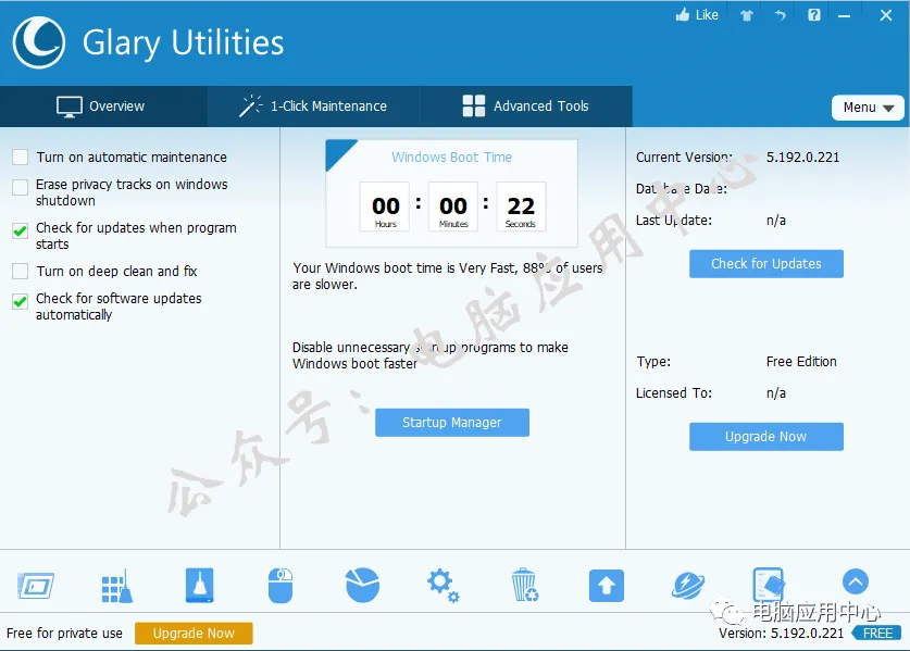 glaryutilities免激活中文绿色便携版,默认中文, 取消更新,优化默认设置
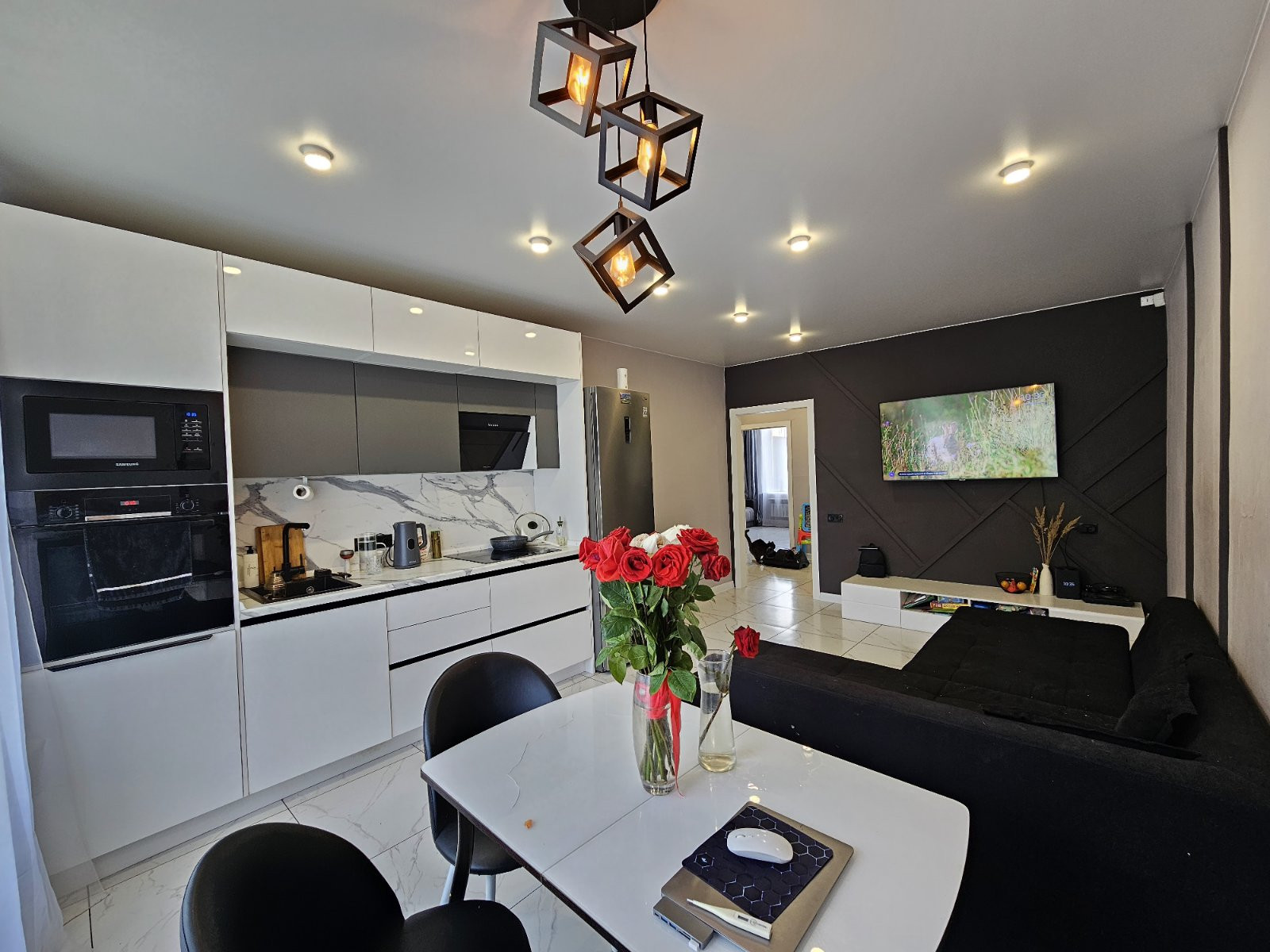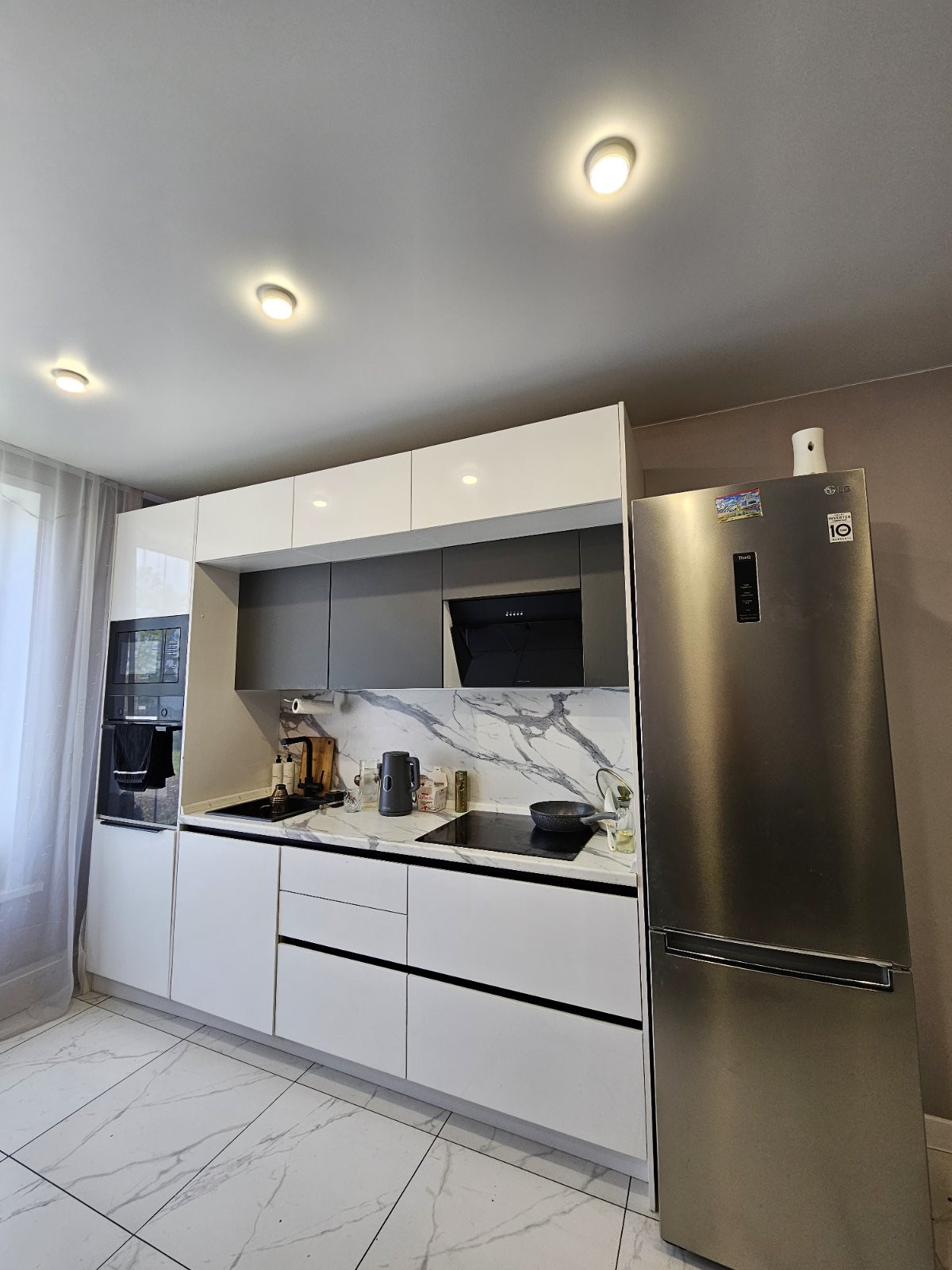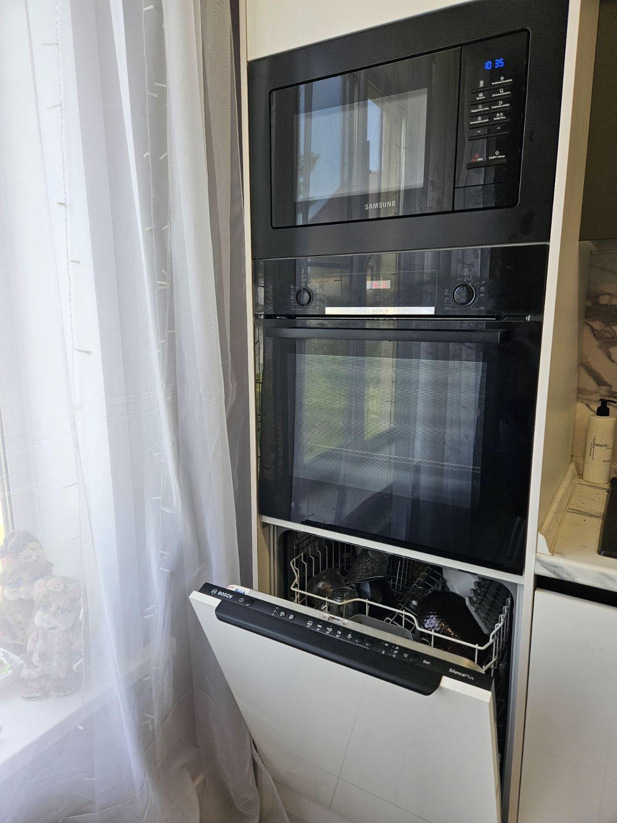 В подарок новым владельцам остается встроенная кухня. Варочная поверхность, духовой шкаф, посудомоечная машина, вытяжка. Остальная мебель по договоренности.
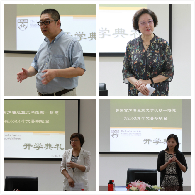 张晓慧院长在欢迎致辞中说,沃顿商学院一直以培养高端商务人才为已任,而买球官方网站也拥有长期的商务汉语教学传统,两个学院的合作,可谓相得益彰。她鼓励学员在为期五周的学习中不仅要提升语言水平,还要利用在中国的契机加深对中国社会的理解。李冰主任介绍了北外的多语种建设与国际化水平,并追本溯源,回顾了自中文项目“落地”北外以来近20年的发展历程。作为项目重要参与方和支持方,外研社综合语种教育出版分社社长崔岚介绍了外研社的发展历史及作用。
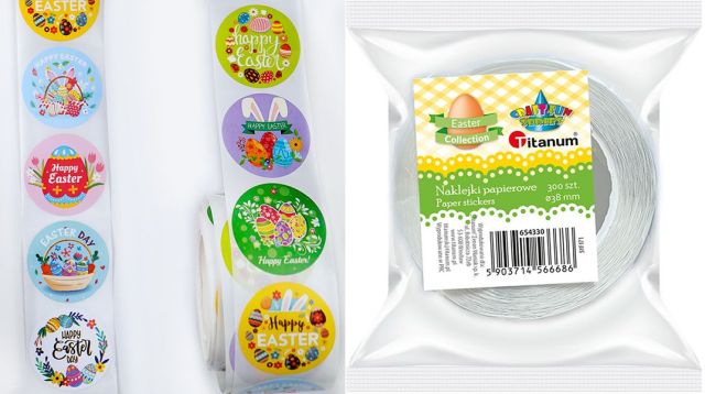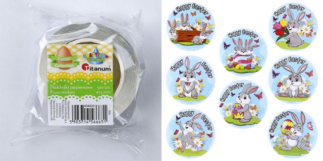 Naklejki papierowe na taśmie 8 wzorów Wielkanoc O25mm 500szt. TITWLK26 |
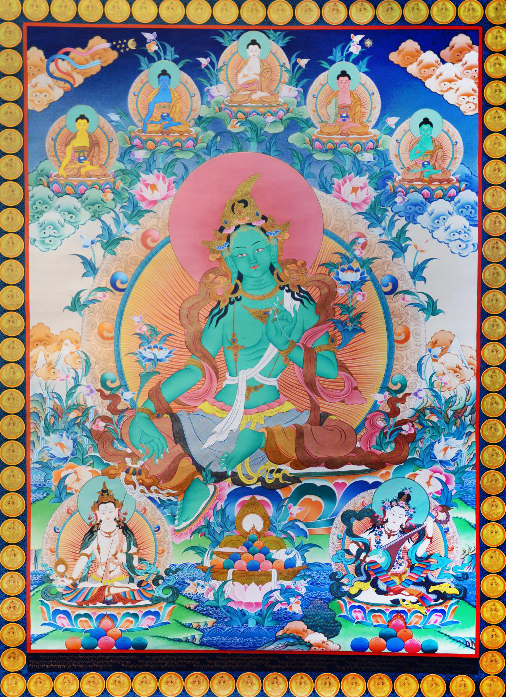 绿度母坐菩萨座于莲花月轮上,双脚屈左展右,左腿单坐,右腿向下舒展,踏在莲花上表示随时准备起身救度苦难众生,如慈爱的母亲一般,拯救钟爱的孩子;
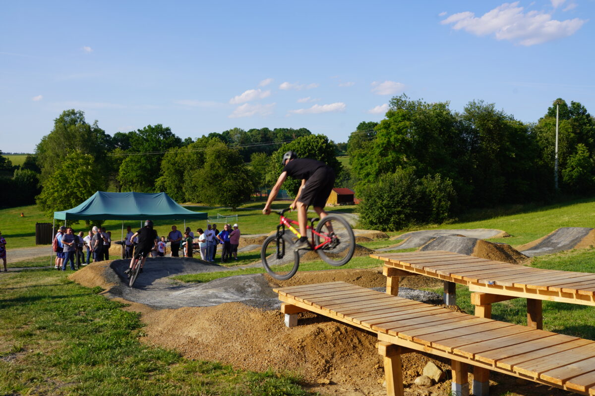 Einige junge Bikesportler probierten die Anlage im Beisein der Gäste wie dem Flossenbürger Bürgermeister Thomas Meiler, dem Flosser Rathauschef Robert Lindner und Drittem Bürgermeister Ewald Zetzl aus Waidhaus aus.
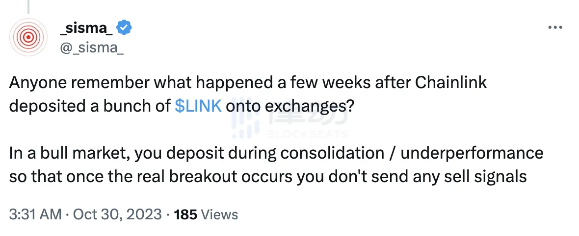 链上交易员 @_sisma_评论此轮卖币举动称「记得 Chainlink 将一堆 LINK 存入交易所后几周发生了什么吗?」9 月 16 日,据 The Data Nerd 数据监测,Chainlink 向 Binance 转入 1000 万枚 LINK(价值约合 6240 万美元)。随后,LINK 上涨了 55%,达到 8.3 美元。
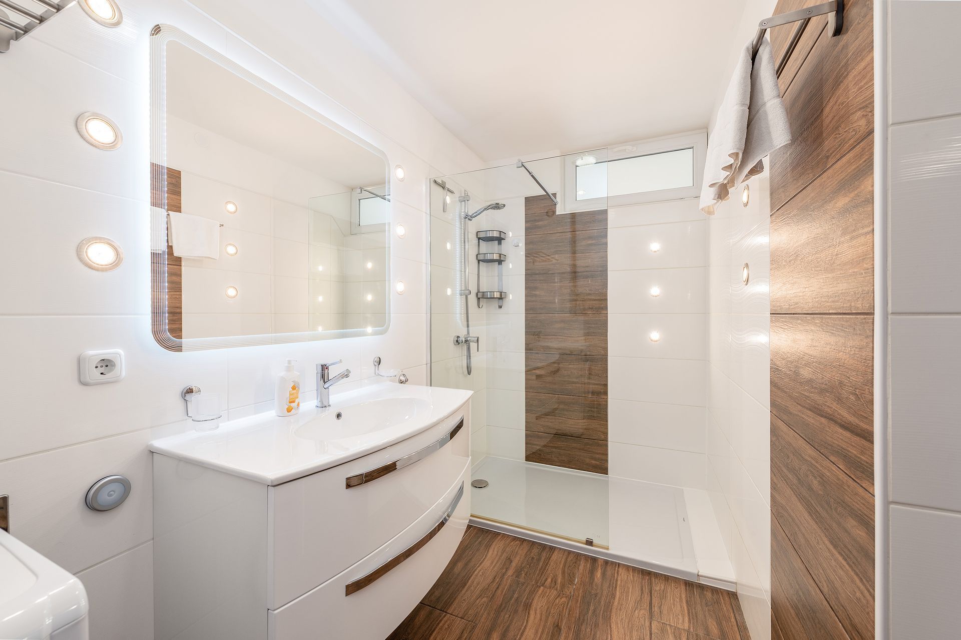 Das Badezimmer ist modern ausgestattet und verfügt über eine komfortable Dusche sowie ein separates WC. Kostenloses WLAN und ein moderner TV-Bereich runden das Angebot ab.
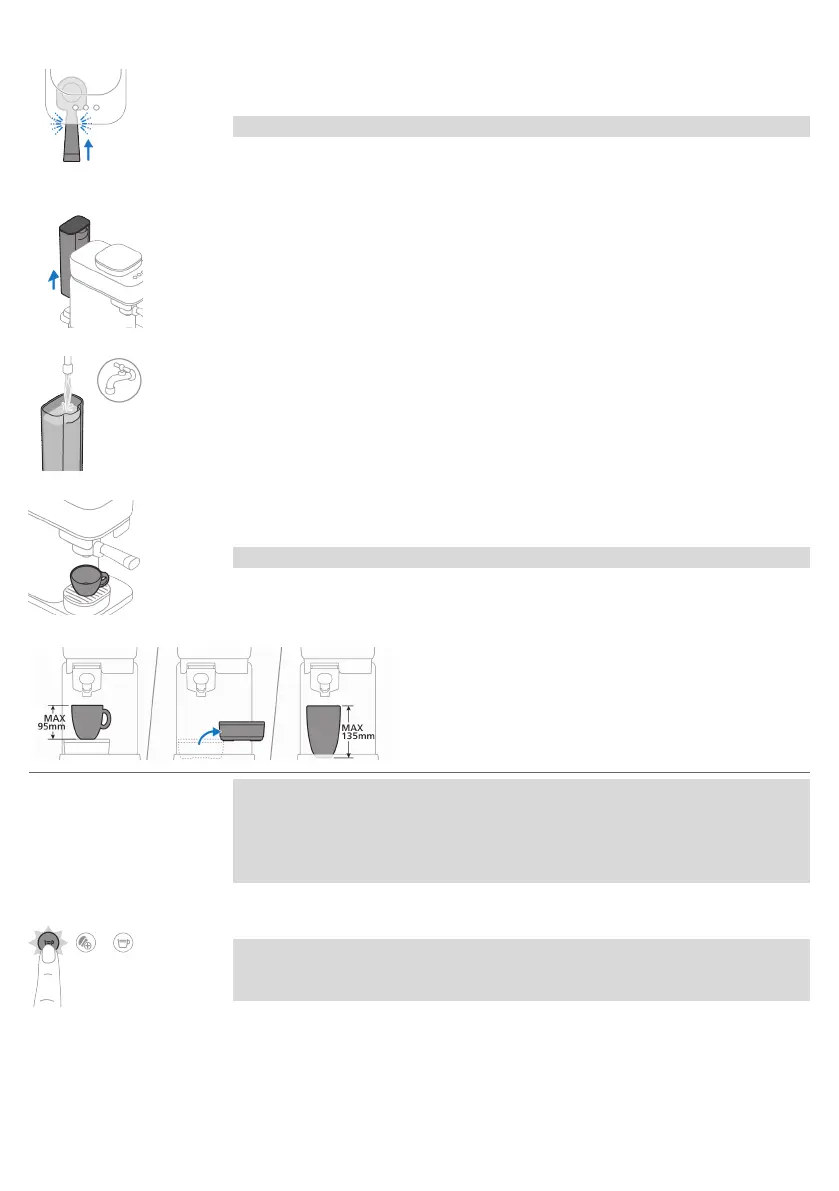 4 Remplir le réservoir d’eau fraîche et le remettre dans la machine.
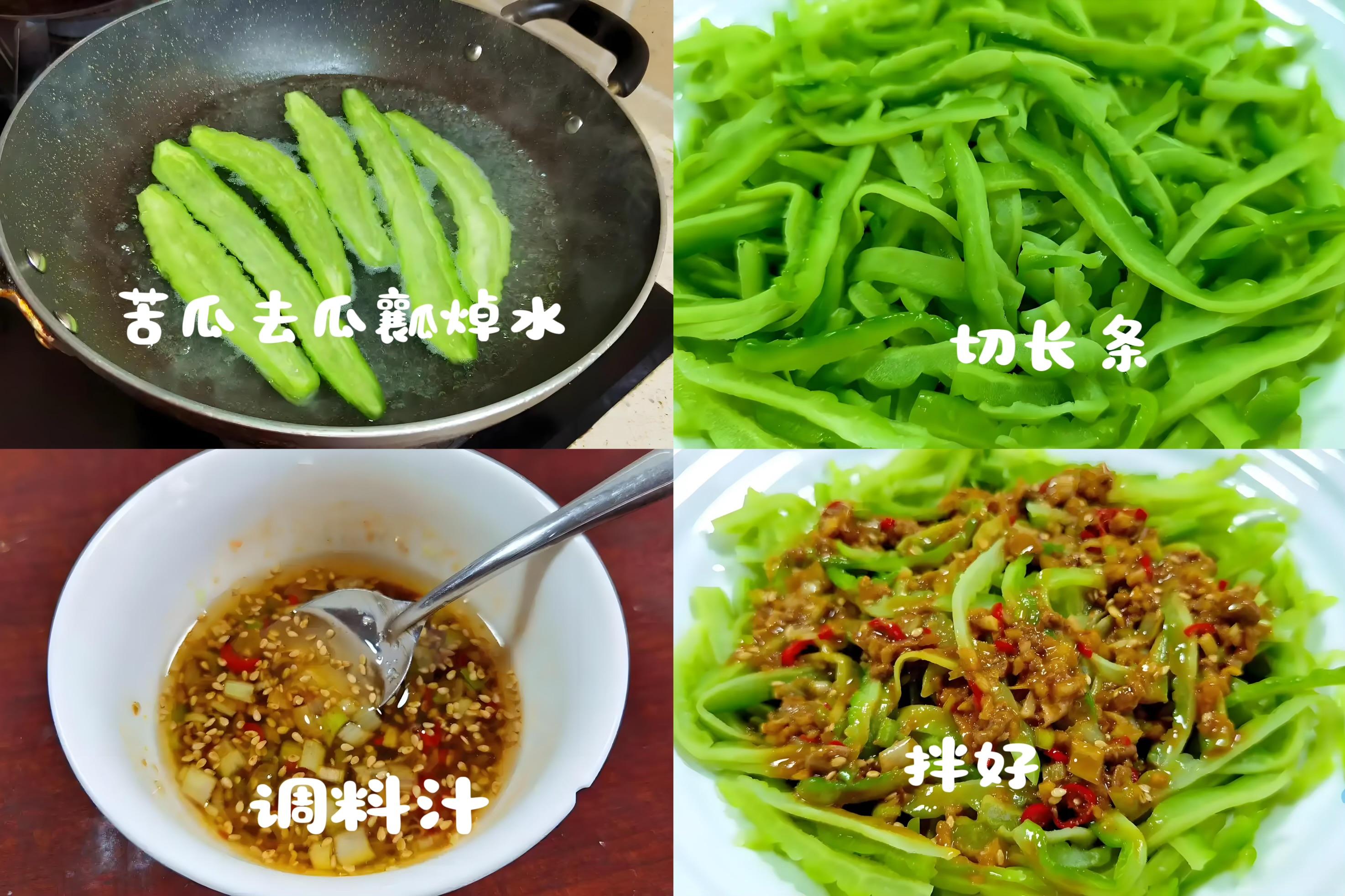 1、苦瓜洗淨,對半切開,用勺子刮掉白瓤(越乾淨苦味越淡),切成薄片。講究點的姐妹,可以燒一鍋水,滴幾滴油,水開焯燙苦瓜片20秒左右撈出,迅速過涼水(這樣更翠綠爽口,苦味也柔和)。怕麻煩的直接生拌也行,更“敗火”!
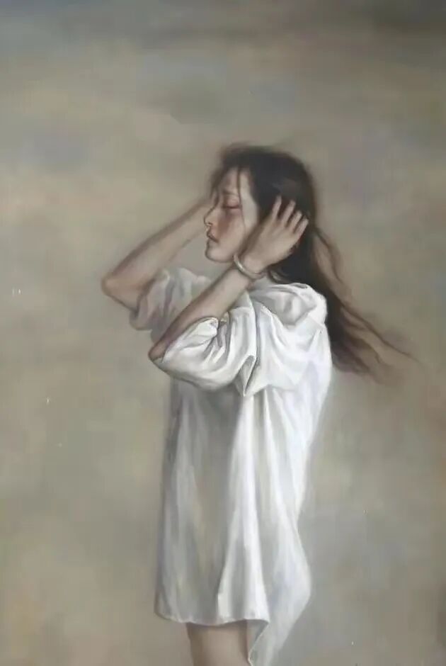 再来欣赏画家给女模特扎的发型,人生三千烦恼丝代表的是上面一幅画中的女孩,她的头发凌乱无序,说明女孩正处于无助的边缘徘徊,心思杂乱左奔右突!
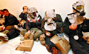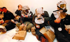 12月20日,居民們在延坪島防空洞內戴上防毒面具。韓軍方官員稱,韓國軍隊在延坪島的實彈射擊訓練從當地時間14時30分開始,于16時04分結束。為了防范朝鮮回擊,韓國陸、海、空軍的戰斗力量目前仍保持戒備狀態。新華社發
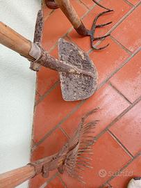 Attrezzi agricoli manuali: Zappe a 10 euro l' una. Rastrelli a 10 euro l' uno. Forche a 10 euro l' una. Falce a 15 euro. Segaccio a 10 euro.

· · ·

PROBLEM STATEMENT: Give back word for word the lines from the one containing "Naklejki papierowe na" through the final line of the data above. Pictures are to be left out.

ANSWER:
 Naklejki papierowe na taśmie 8 wzorów Wielkanoc O25mm 500szt. TITWLK26 |
 绿度母坐菩萨座于莲花月轮上,双脚屈左展右,左腿单坐,右腿向下舒展,踏在莲花上表示随时准备起身救度苦难众生,如慈爱的母亲一般,拯救钟爱的孩子;
 Einige junge Bikesportler probierten die Anlage im Beisein der Gäste wie dem Flossenbürger Bürgermeister Thomas Meiler, dem Flosser Rathauschef Robert Lindner und Drittem Bürgermeister Ewald Zetzl aus Waidhaus aus.
 链上交易员 @_sisma_评论此轮卖币举动称「记得 Chainlink 将一堆 LINK 存入交易所后几周发生了什么吗?」9 月 16 日,据 The Data Nerd 数据监测,Chainlink 向 Binance 转入 1000 万枚 LINK(价值约合 6240 万美元)。随后,LINK 上涨了 55%,达到 8.3 美元。
 Das Badezimmer ist modern ausgestattet und verfügt über eine komfortable Dusche sowie ein separates WC. Kostenloses WLAN und ein moderner TV-Bereich runden das Angebot ab.
 4 Remplir le réservoir d’eau fraîche et le remettre dans la machine.
 1、苦瓜洗淨,對半切開,用勺子刮掉白瓤(越乾淨苦味越淡),切成薄片。講究點的姐妹,可以燒一鍋水,滴幾滴油,水開焯燙苦瓜片20秒左右撈出,迅速過涼水(這樣更翠綠爽口,苦味也柔和)。怕麻煩的直接生拌也行,更“敗火”!
 再来欣赏画家给女模特扎的发型,人生三千烦恼丝代表的是上面一幅画中的女孩,她的头发凌乱无序,说明女孩正处于无助的边缘徘徊,心思杂乱左奔右突!
 12月20日,居民們在延坪島防空洞內戴上防毒面具。韓軍方官員稱,韓國軍隊在延坪島的實彈射擊訓練從當地時間14時30分開始,于16時04分結束。為了防范朝鮮回擊,韓國陸、海、空軍的戰斗力量目前仍保持戒備狀態。新華社發
 Attrezzi agricoli manuali: Zappe a 10 euro l' una. Rastrelli a 10 euro l' uno. Forche a 10 euro l' una. Falce a 15 euro. Segaccio a 10 euro.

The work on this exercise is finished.